• [DATA EXTRACTS]
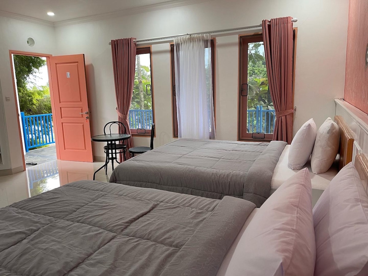 Relax, unwind, or even working. This tiny villa is a place for all. Nestled in the feet of Mount Salak overviewing Mount Pangrango and our own garden. Your solution for short getaway from city's hustle, 70 minutes away from Jakarta. *Fasilitas:* 1. Swimming Pool (Ubud's-like View) 2. Balcony (Gunung Pangrango + Sunrise View) 3. Board games (catur, uno, stacko, etc) 4. TV Netflix Youtube 5. Wifi up to 5Mbps 6. Gardens 7. Kitchen 8. Viewing Deck
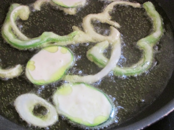 Ponemos el aceite a calentar y vamos friendo las verduras con el aceite caliente
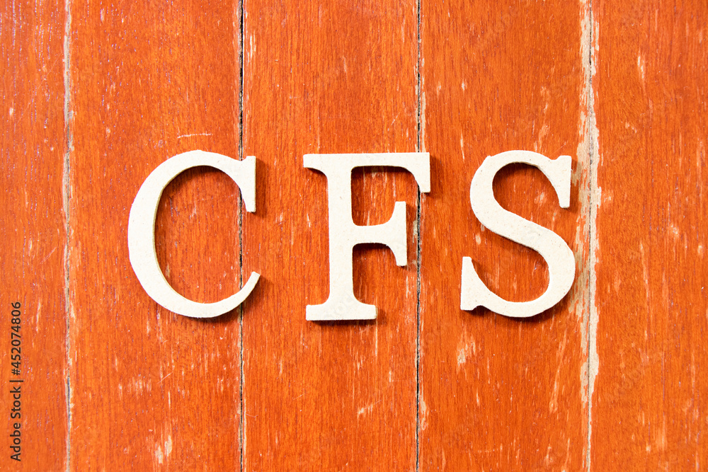 Alphabet letter in word CFS (Abbreviation of Container Freight Station, Certified fund specialist or Chronic fatigue syndrome) on old red color wood plate background
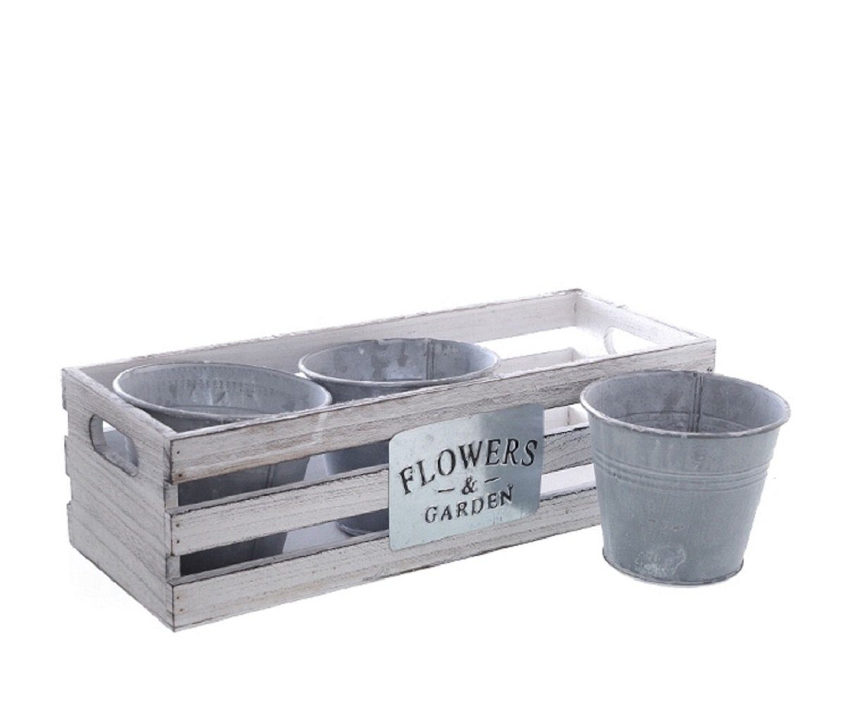 Pflanztopf Satz, 3 Blumentöpfe, Pflanzentöpfe in Holzkiste 'Flowers & Garden'. Sie erhalten drei Töpfe in einer rustikalen Holzkiste zum vielfältigen Einsatz im Garten oder zur Deko in Wohnung und Haus. Die Shabby Töpfe sind aus dünnwandigem, verzinktem Metall gefertigt. Sie eignen sich besonders gut als Pflanzentöpfe.
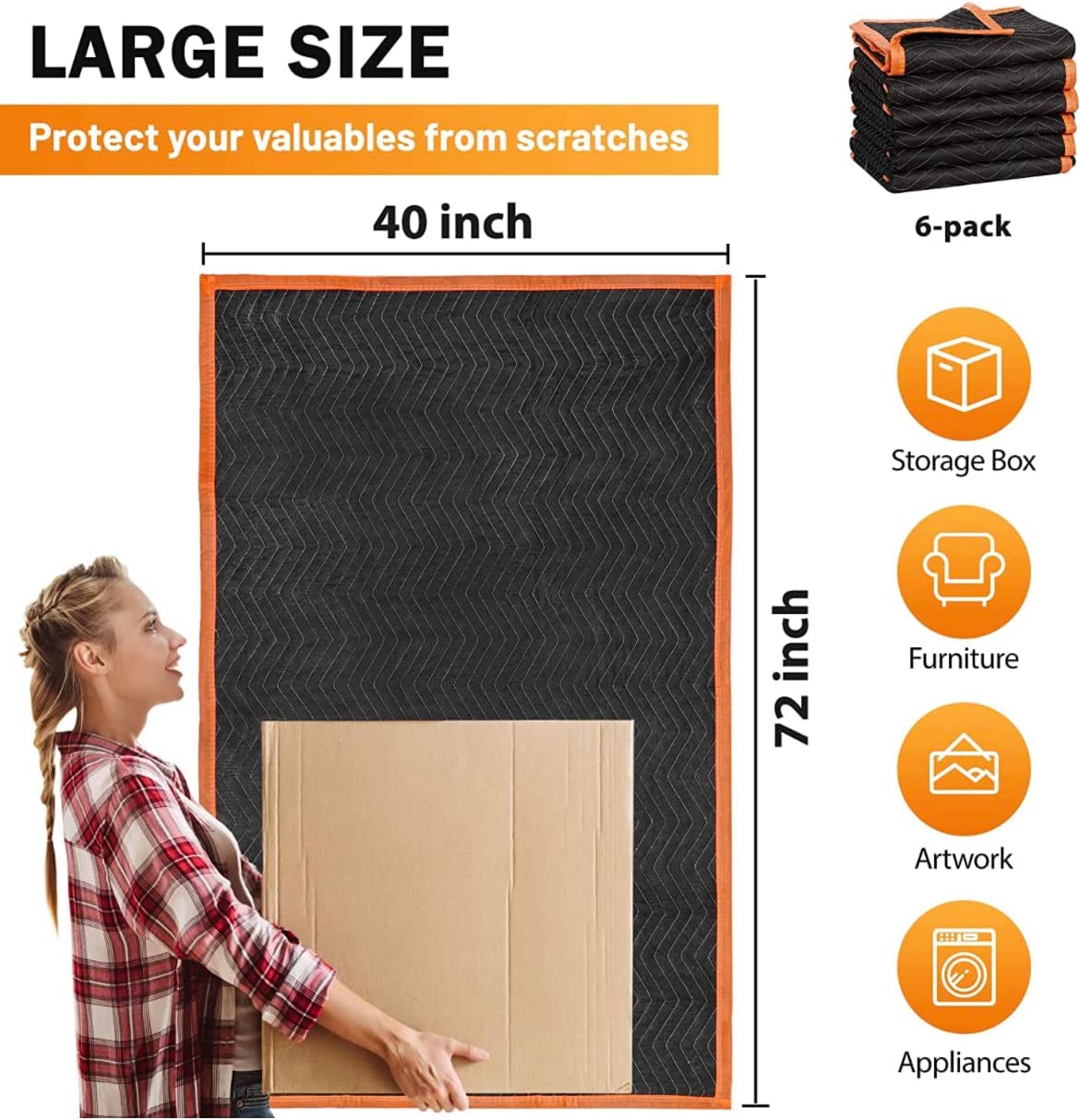 Professional-grade: Oversized, 72" x 40" premium quality moving pads that provide exceptional damage protection from scratches, nicks, dirt, and moisture when moving or transporting furniture, appliances, and other valuable large items
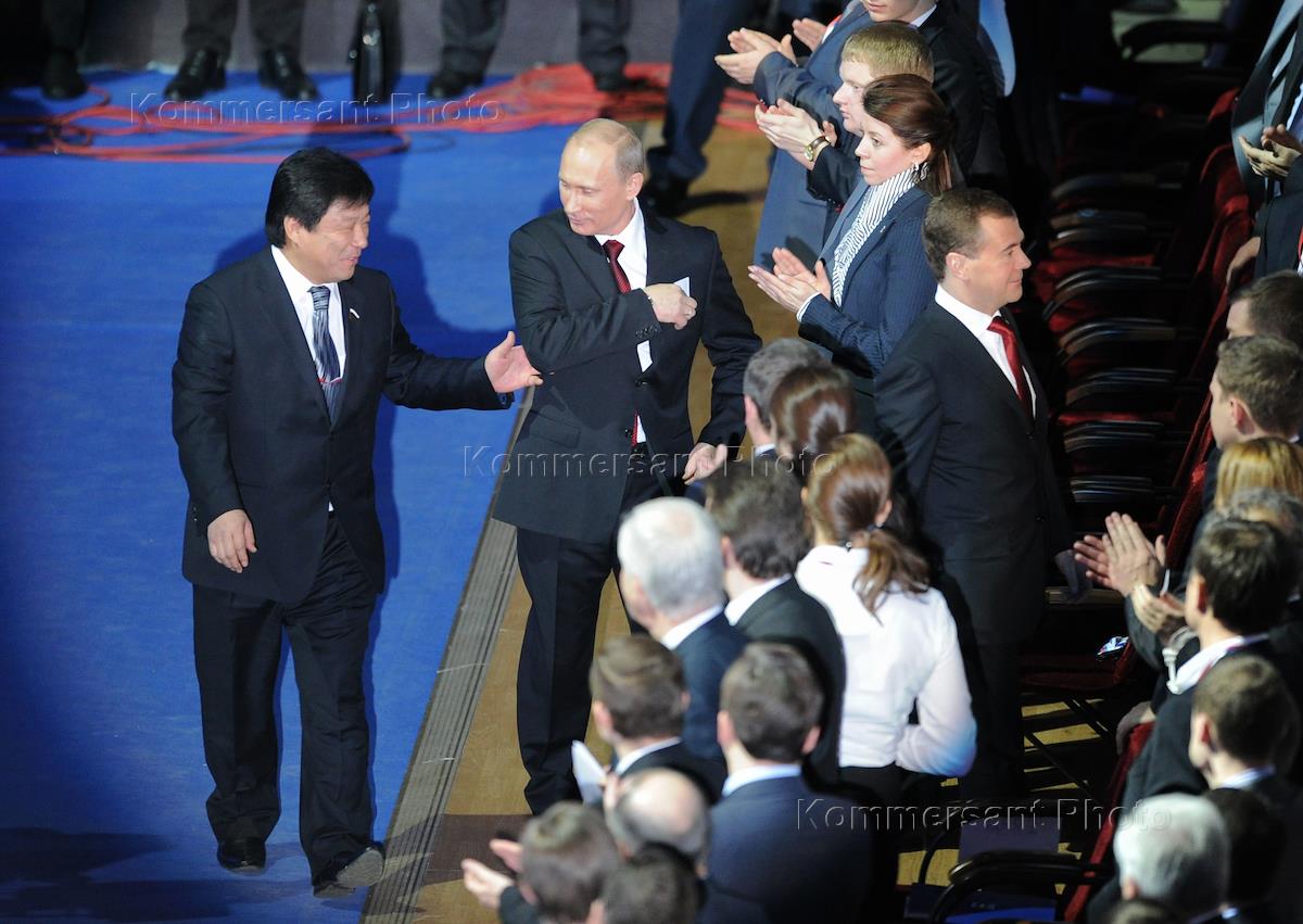Председатель правительства России Владимир Путин (в центре) на XII Съезде Всероссийской политической…
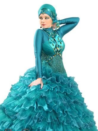 رد: محجبه وعندك مناسبه ومش عارفه تلبسى ايه حلو اوى لون الفستان ده اللون التركواز ده جميل ومميز انا بحب اللون ده اوى ومعظم لبسى اللون ده بس الفستان تحفه ومليان كرنيش جميل ينفع للخطوبه او للشبكه حلو اوى
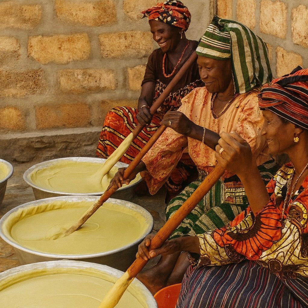 This series of photos documents the meticulous transformation, turning the raw Shea nut into the rich, nourishing “gold” prized globally for its incredible skincare benefits.

• [PROBLEM DESCRIPTION] Output the whole listing without change. Any picture is to be left out.

• [ANSWER BOX]
 Relax, unwind, or even working. This tiny villa is a place for all. Nestled in the feet of Mount Salak overviewing Mount Pangrango and our own garden. Your solution for short getaway from city's hustle, 70 minutes away from Jakarta. *Fasilitas:* 1. Swimming Pool (Ubud's-like View) 2. Balcony (Gunung Pangrango + Sunrise View) 3. Board games (catur, uno, stacko, etc) 4. TV Netflix Youtube 5. Wifi up to 5Mbps 6. Gardens 7. Kitchen 8. Viewing Deck
 Ponemos el aceite a calentar y vamos friendo las verduras con el aceite caliente
 Alphabet letter in word CFS (Abbreviation of Container Freight Station, Certified fund specialist or Chronic fatigue syndrome) on old red color wood plate background
 Pflanztopf Satz, 3 Blumentöpfe, Pflanzentöpfe in Holzkiste 'Flowers & Garden'. Sie erhalten drei Töpfe in einer rustikalen Holzkiste zum vielfältigen Einsatz im Garten oder zur Deko in Wohnung und Haus. Die Shabby Töpfe sind aus dünnwandigem, verzinktem Metall gefertigt. Sie eignen sich besonders gut als Pflanzentöpfe.
 Professional-grade: Oversized, 72" x 40" premium quality moving pads that provide exceptional damage protection from scratches, nicks, dirt, and moisture when moving or transporting furniture, appliances, and other valuable large items
Председатель правительства России Владимир Путин (в центре) на XII Съезде Всероссийской политической…
 رد: محجبه وعندك مناسبه ومش عارفه تلبسى ايه حلو اوى لون الفستان ده اللون التركواز ده جميل ومميز انا بحب اللون ده اوى ومعظم لبسى اللون ده بس الفستان تحفه ومليان كرنيش جميل ينفع للخطوبه او للشبكه حلو اوى
 This series of photos documents the meticulous transformation, turning the raw Shea nut into the rich, nourishing “gold” prized globally for its incredible skincare benefits.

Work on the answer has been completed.